All Points East review: Justice put on the show of the summer
If you were a teenage music fan in the UK at the weekend, chances are you would be in either Reading or Leeds for the rite of passage post-GCSE blowout with Lana Del Rey, Fred again.. and more, while dance heads could head to Creamfields or Lost Village, not to mention the small matter of the Notting Hill Carnival.
Also in London, Saturday also hosted boutique new leftfield gem RALLY in Southwark Park and the queer utopia of Body Movements, meaning All Points East – a heavily corporate festival criticised in the past for consistent sound issues – was up against it more than ever to bring bodies through the door.
While the first weekend of the festival – now in its sixth year – catered to a younger audience with headline performances from Kaytranada, Mitski and Loyle Carner, its second three days tries to draw fans away from more groundbreaking events by playing the nostalgia card.
First up on the Friday of the second weekend is LCD Soundsystem, who have somehow managed to play almost entirely the same set for the eight years and counting of their second act as a band and keep it engaging and enthralling.
The New Yorkers defined the alchemy of rock and dance at the turn of the millennium and top a bill of acts that fall on either side of the fence. In the sizeable North Arena tent, Peruvian DJ Sofia Kourtesis overcomes taking a tumble early in her set to delight with groovy highlights from debut album Madres, before Floating Points plays a mesmerising set of otherworldly techno, anchored by the mammoth ‘Birth4000’, one of the best dance tracks of 2023. On the rock side, Pixies remain a reliable and raucous live act (even if their set misses out the irreplaceable ‘Debaser’).

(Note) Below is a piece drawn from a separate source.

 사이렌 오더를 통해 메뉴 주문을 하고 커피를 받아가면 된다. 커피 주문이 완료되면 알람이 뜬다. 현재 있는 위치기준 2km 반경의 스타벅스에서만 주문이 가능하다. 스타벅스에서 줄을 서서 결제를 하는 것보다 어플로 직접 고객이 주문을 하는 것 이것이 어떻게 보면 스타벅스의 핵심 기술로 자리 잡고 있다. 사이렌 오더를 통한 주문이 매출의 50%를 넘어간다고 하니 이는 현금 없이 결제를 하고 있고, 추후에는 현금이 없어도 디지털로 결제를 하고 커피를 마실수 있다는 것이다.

While almost identical to their headline performance here in 2018 in terms of setlist, LCD’s headline set is given a touching and tragic edge when James Murphy tells the crowd of the death of his business partner Justin Chearno. “We’re all fucking destroyed,” Murphy said, with Nancy Whang then singing ‘Someone Great’ through floods of tears. The communal support then showed for the band throughout the rest of the set gave ‘New York, I Love You But You’re Bringing Me Down’, ‘All My Friends’ and more even further gravitas.

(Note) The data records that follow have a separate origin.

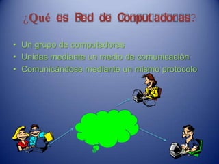 Una red de computadoras es un grupo de computadoras unidas mediante un medio de comunicación y que se comunican usando el mismo protocolo. Internet es un conjunto de estas redes interconectadas que permiten actividades como videoconferencias, ver imágenes por satélite, descargar películas o música y buscar información. Para acceder a Internet se necesita una computadora, tarjeta de red, modem, proveedor de servicios de Internet y un programa de navegación. Los principales servicios de Internet incluyen correo electrónico, páginas web y listas
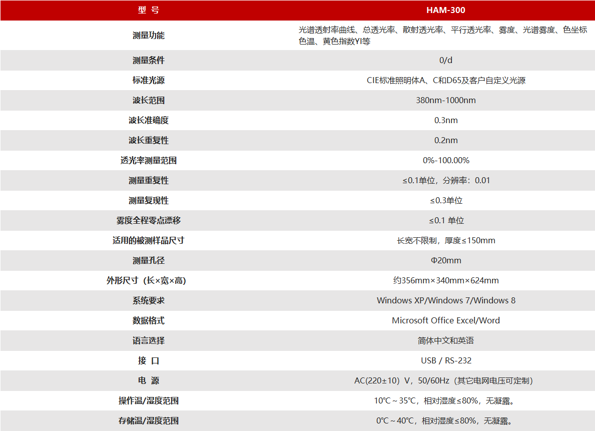 HAM-300主要用于玻璃蓋板、光學(xué)膜等材料不同波長下的光譜透光率、霧度以及材料在特定光源下光色性能測試,解決AG,AR玻璃以及光學(xué)薄膜等樣品的性能評價,依據(jù)ASTM D1003,GB/T 2410,ISO14782、JIS K7136、JC/T2130-2013,JIS K7105-81等標準的要求,系統(tǒng)已被業(yè)內(nèi)眾多企業(yè)所采用。
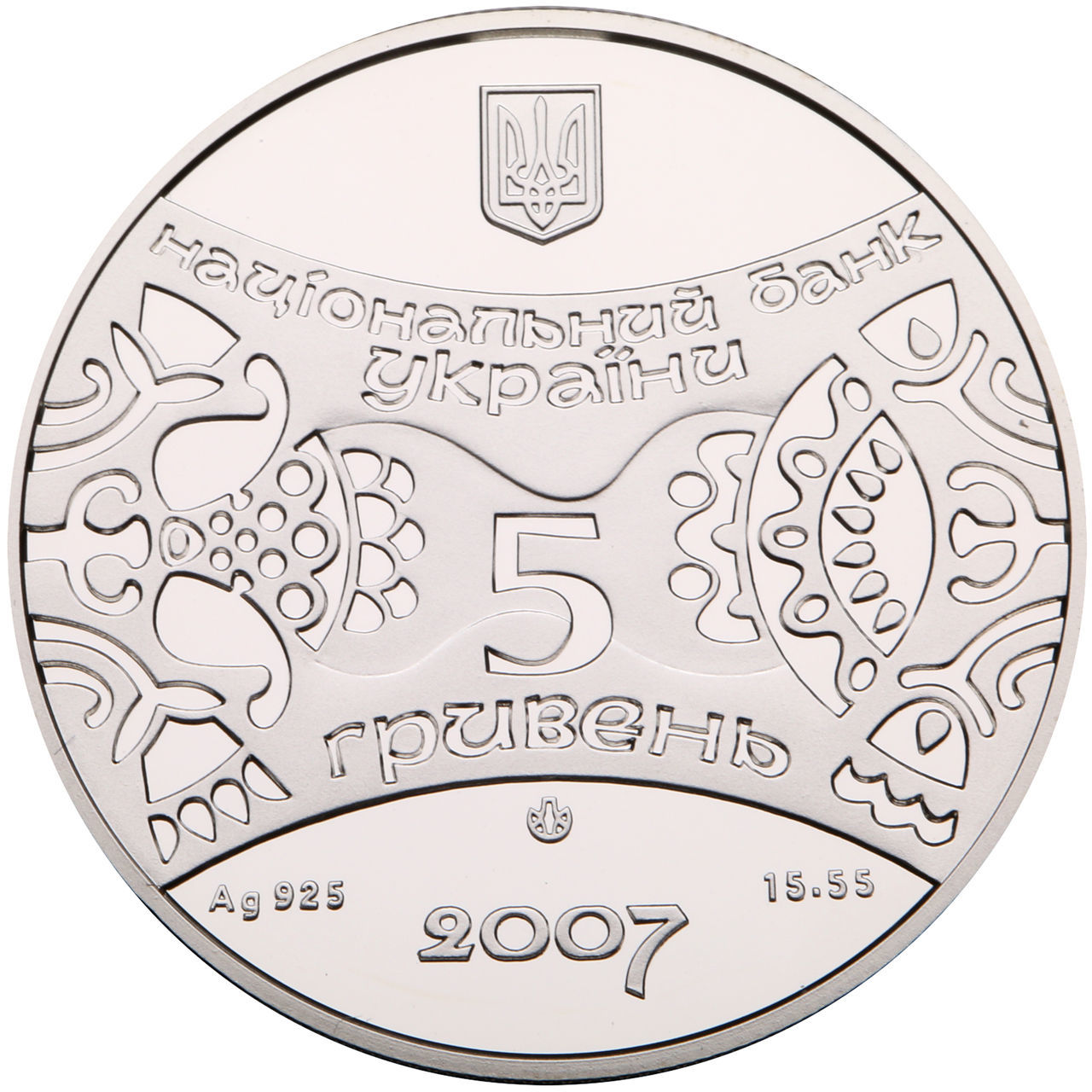 На реверсі вміщено номінал, герб України, рік карбування та декоративні елементи з національними мотивами. Художнє оформлення поєднує традиційні українські символи з сучасною технікою виконання, що підкреслює статус монети як колекційної та пам’ятної.

Sunday also leant heavily on early ‘00s nostalgia, headlined by a Ben Gibbard double-header of Death Cab for Cutie playing Transatlanticism, before he changed from all-black to all-white and ran through The Postal Service’s giddy, fantastic Give Up for one of the final times (presumably) ever. Before them came fellow Pacific Northwest indie darlings (The Decemberists, Sleater-Kinney) and a newer crop of bands all indebted to Gibbard’s open and frank lyricism (Wednesday, The Lemon Twigs).
Sandwiched in between these two is Field Day, brought under the All Points East umbrella in recent years after a decade of being the must-attend dance event of the summer in the capital. While its early programming was dogged by torrential rain, a double rainbow emerged right on time for Romy’s queer dance party of a live show. As it was at Glastonbury, Primavera and beyond, hers remains the most fun live show of the summer.

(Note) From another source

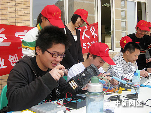 4月26日,浙江紡織服裝職業技術學院大學生就業創業協會組建青年志愿隊,和寧波大學理學院家電維修社聯合開展維修小家電活動。他們在校園內設攤,用一天時間免費為同學們修理電風扇、電吹風、MP3等各種小家電200余件。

If Romy’s show was the most fun of this festival season, then the title of the best full stop has to go to Justice. The French house duo have had a somewhat surprising second wave of relevance and popularity with new album Hyperdrama, and their extraordinary live show deserves to go down in history. Across a tight 70 minutes, Gaspard Augé and Xavier de Rosnay – looking impossibly suave – bring a relentless energy and pulverising sound. Most of the music played here is reworked versions of songs from the band’s back catalogue, turned up to 11 through beefier edits, and it feels like a set of music purpose built for a fully optimised live show, rather than songs from the studio performed on stage.
The vocal hook of recent Tame Impala collaboration ‘Neverender’ worms its way in and out of the set throughout, finally melting together with the timeless ‘D.A.N.C.E.’ at the show’s climax, and there’s a dynamite precision to the set that marks the pair out as absolute masters of the form. A set of throbbing, jubilant noise backed by a subtle but stunning light show, it crowns Justice as the kings of 2024’s summer of live music and marks their unlikely return to the top table of the dance music world.